As a fan, we want wins. Point Blank. A switch to the 34 could possibly help the team, but the argument of the effectiveness of schemes takes a backseat to plucking talent off the draft tree.

Jared Wickerham

In the last ten years, the 34 defense established itself as the "it" defense of both the present and future. While Dick LeBeau, the famous defensive coordinator of the Pittsburgh Steelers, creatively changed the 34 defense with the concept of the Zone Blitz, his real contribution to the game may be uprooting the talent to take the 34 to another level. Currently the 34 defense carries more of an advantage in the NFL Draft, could the Jaguars look to take advantage?

Believe it or not, but a time existed where most college teams ran a 43 defense. The NFL team that ran a 43 defense held an edge going into the draft. Most defensive players available came from teams that ran a 43 in college and most likely something similar in high school, depending on the popular offenses in the area/talent available to coaches. The reason the 34 took a few years to climb to the "top of the mountain", so to speak, derived in the lack of prepared talent from the college ranks. 34 players were labeled "misfits".
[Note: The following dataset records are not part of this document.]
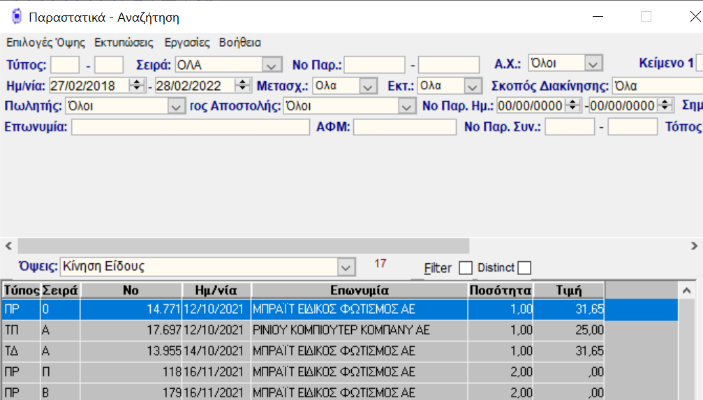 Για να δούμε την κίνηση του κάθε είδους, αρκεί από το Browser «Εργασίες» του προγράμματος να επιλέξουμε την επιλογή "Κινήσεις Είδους". Στην συνέχεια μας παρουσιάζονται όλα τα παραστατικά που αφορούν το συγκεκριμένο είδος για το χρονικό διάστημα που θα ορίσουμε εμείς.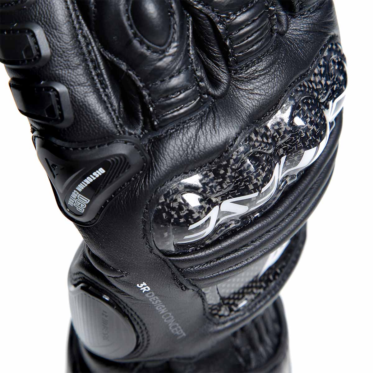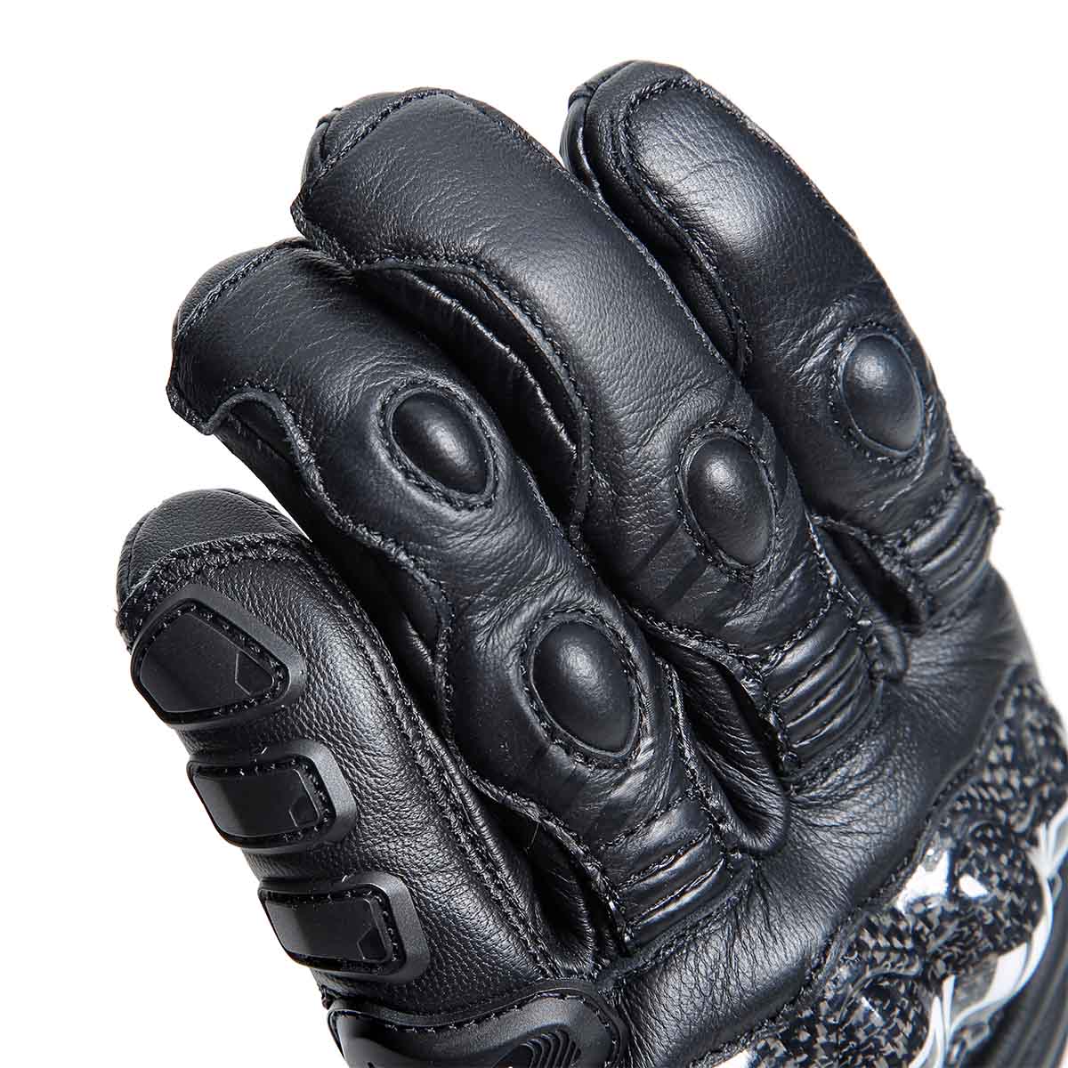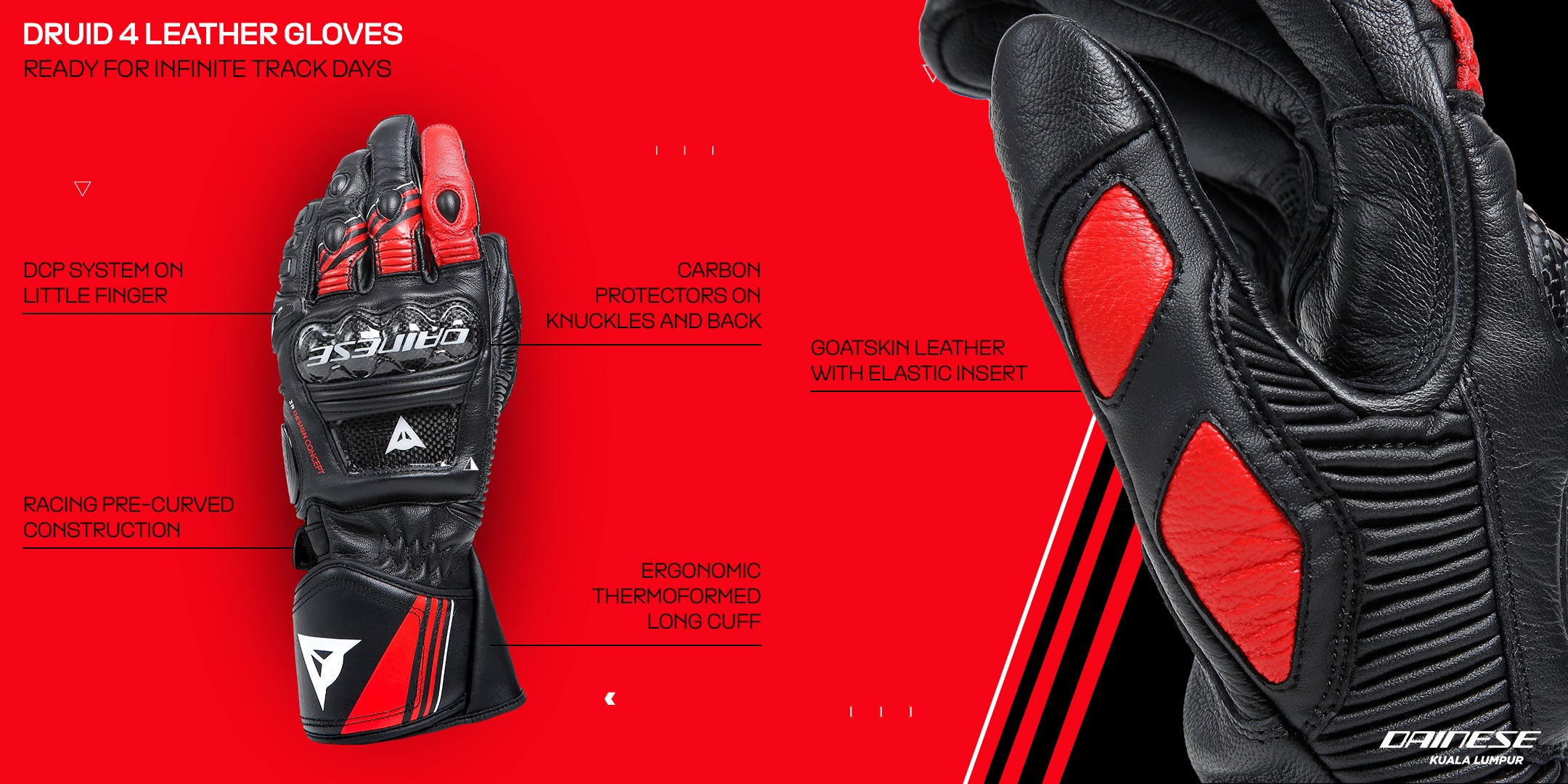 The Dainese Druid 4 leather racing gloves are an expression of the highest protection standards, designed for maximum performance on the track and the road. World Championship safety and ergonomics are guaranteed by the presence of the pre-curved and thermoformed sleeve, the carbon inserts on the knuckles and back, and the thermoplastic protector on the little finger.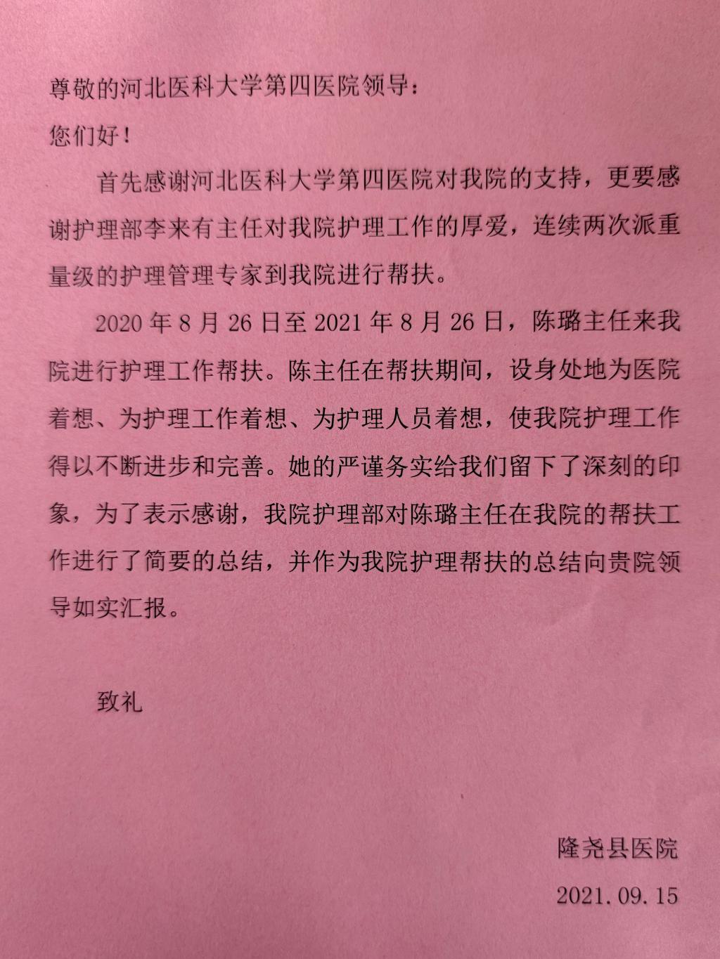 近日,隆堯縣醫院給我院發來感謝信,信中記錄了陳璐副主任工作期間的點點滴滴,字里行間表達了對我院護理部以及幫扶專家的誠摯謝意。
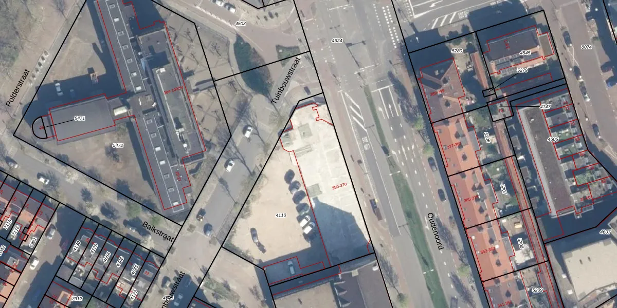 Het perceel waarop Oudenoord 382-A staat heeft een oppervlakte van 1717 m². Dit is een zeer groot perceel. De perceeloppervlakte wordt geregistreerd door het Kadaster. Gedetailleerde informatie over de maten van dit perceel kunt u vinden in het rapport Kadastrale kaart met maatvoering van Oudenoord 382-A.
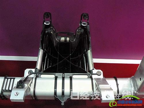 A-Class中采用的工艺是将铝合金加工成梁后整体喷涂PA粉末、然后进行嵌入成型加工,也可以在制造铝合金板及钢板时喷涂PA粉末,事先设置粘合层。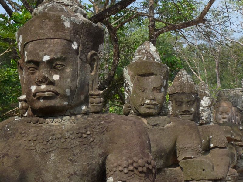 Dzisiejsze Królestwo Kambodży, nazywane Kampuchea, powstało na bazie wcześniejszego Imperium Khmerskiego, które istniało w rejonie dolnego biegu Mekongu od IX do XV wieku. Centrum administracyjne Imperium znajdowało się w kompleksie miejsko – świątynnym Angkor, nieopodal Jeziora Tonle Sap. Po upadku Imperium, jego stolica opustoszała, a do dnia dzisiejszego podziwiać możemy wspaniałe świątynie i zespoły miejskie. Największą z nich i najczęściej odwiedzaną jest Angkor Wat ze zwieńczeniami dachu w kształcie pąków lotosu. Odwiedzimy także słynną świątynię Bayon, nazywaną świątynią setek twarzy. Jej wysokie wieże ozdobione są twarzami uśmiechniętego Buddy. Z kolei świątynia Ta Prohm przyciąga swym mistycyzmem i tajemniczością. Labirynt korytarzy i budynki „pożerane” przez korzenie dżungli tworzą wyjątkową atmosferę.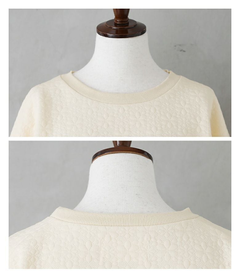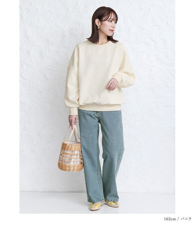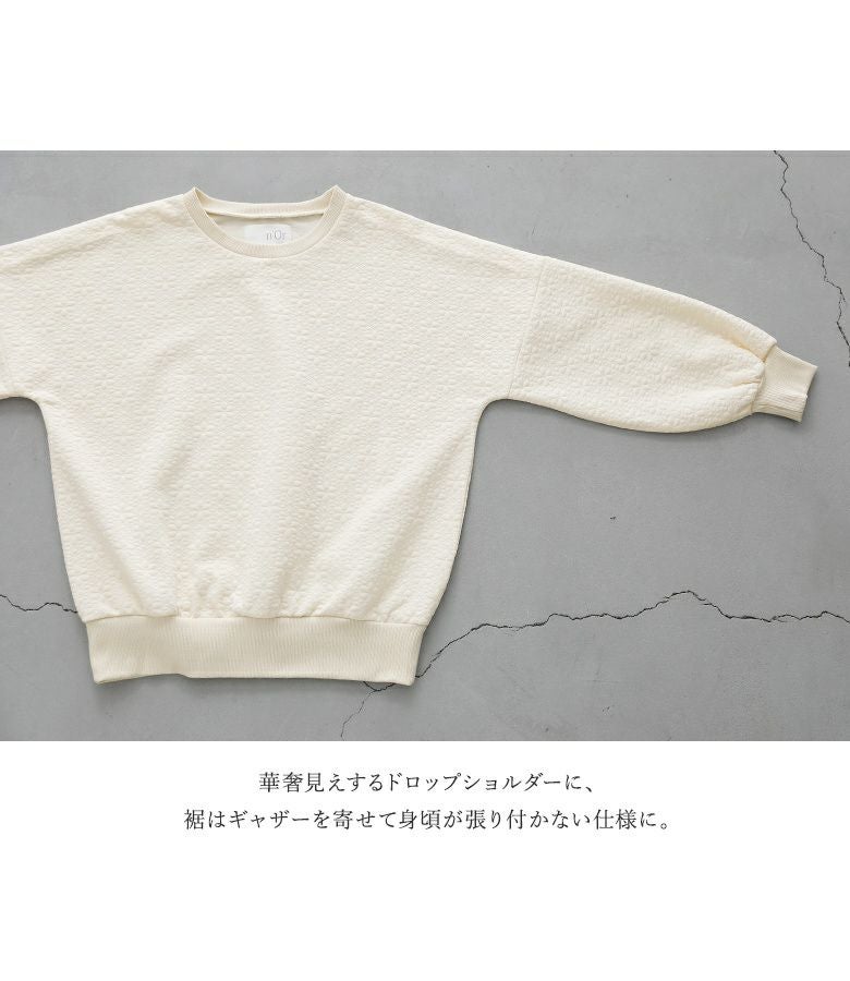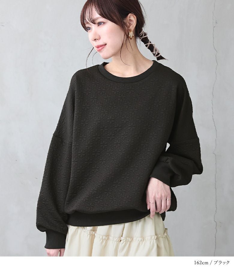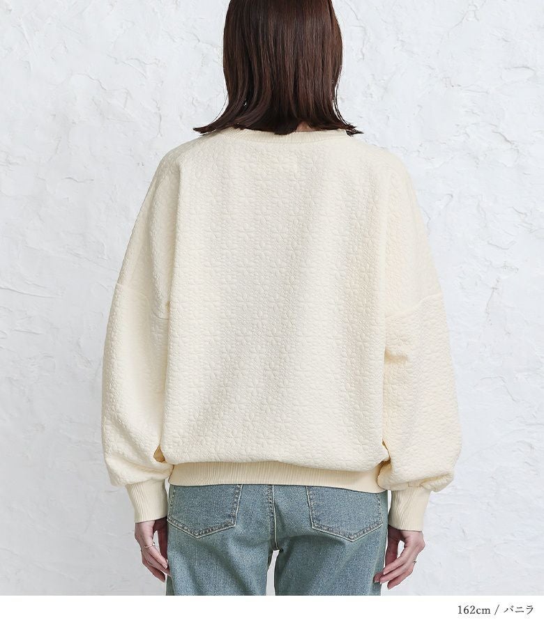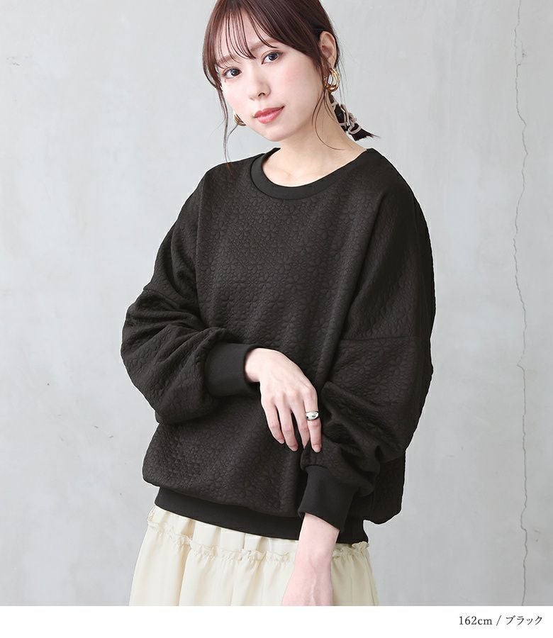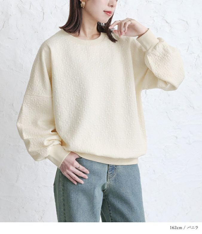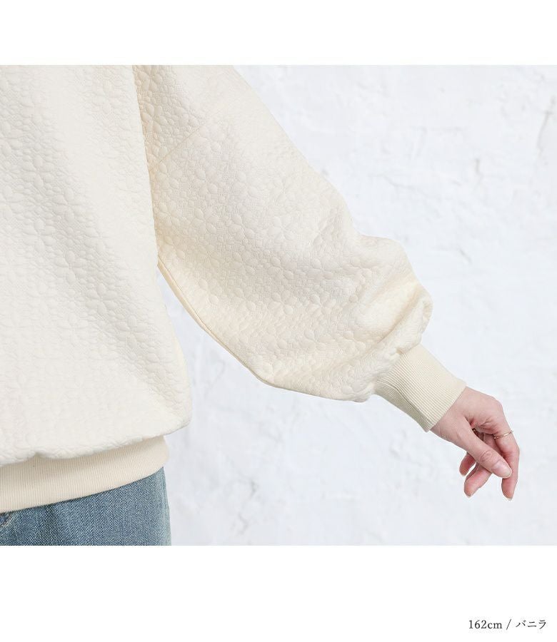 ぽこぽことしたタイル風の花柄ふくれジャカードが大人可愛いトップス。ラフに着用できるゆるっとしたシルエットに、袖口&裾はリブで締めて全体的にメリハリを出したデザイン。ぽわん袖が女性らしさをプラスして、デイリーにも品良く着用できる一枚です。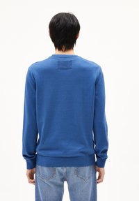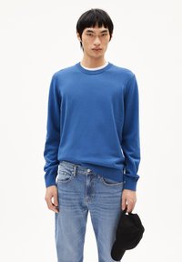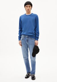 Blauer Baumwollpullover mit rundem Halsausschnitt und gerippten Bündchen, kombiniert mit hellblauen Jeans. Einfaches Design, keine Muster oder Akzente.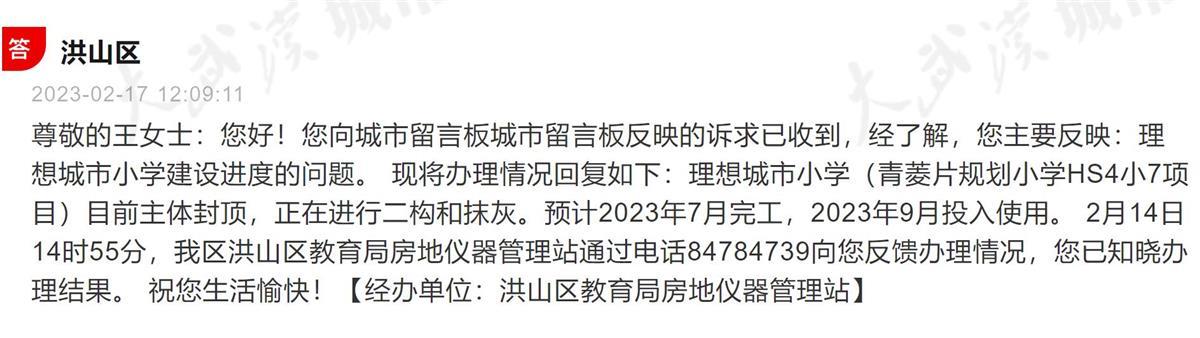 2月28日,极目新闻记者从武汉城市留言板上看到,一些网友对自家附近的新建学校何时招生以及最新进展进行了咨询,相关部门也给出了回复。

Once LeBeau, along with others, created a strong foundation with these misfits, the talent well ceased to run dry. Suddenly, these misfits of a 43 defense were stars in 34 defense, or at the least serviceable. The college teams caught on to the idea and ran with it. Adapting your scheme to your players? Someone tell Norv Turner.

A few years down the road, rules changed to help the passing offense and suddenly a 34 defense that played space as well as it rushed the passer became the sought out model of defense. Coaches that studied and understood 34 concepts found themselves at the top of the market. Water was green and grass was blue.

Now, the status quo has fully flipped into the 34 defense (save the NY Giants). The Jaguars, a predominantly 43 defense may entertain a switch after the season. As the draft gets closer and certain players from certain schemes rise in popularity, the popularity of one of these two schemes will rise or fall with certain players at the top of the draft as well as with the dominant defenses in the playoffs. Don't ever think teams don't copy each other.

Times have changed and so has the draft, but will they change again? It really doesn't matter. What matters remains stopping the QB. As Jets great QB Joe Namath said, "We are the prize."

How do you affect the QB? You run the best defense you can run with the talent available, even if you have to pull a Buddy Ryan and invent a new defense (46).

To stop a passing game, you can't stop it unless you put pressure on it. Now some people are good enough to put it on with a three-man rush; well, we're not. In fact, I don't know whether we're good enough to put it on with a four-man rush. If we have to send eight, we'll send eight, but we're not going to let you sit back there and pick us apart all day.
Buddy Ryan, 1986 NFL Films interview

Affect the QB however you can.

Whether the Jaguars find the next Dick LeBeau or Buddy Ryan doesn't matter, though it would be nice. The presumably new GM needs to look at the talent available on the team and the talent available around the draft position the team earns at season's end and decide what scheme makes the team the most competitive for 2013. Then, in following drafts, build upon that scheme. A 34, 43, 46 or permanent Nickel will only be fun to watch if it's run successfully.

Just make it work, please. Yes, I'm begging.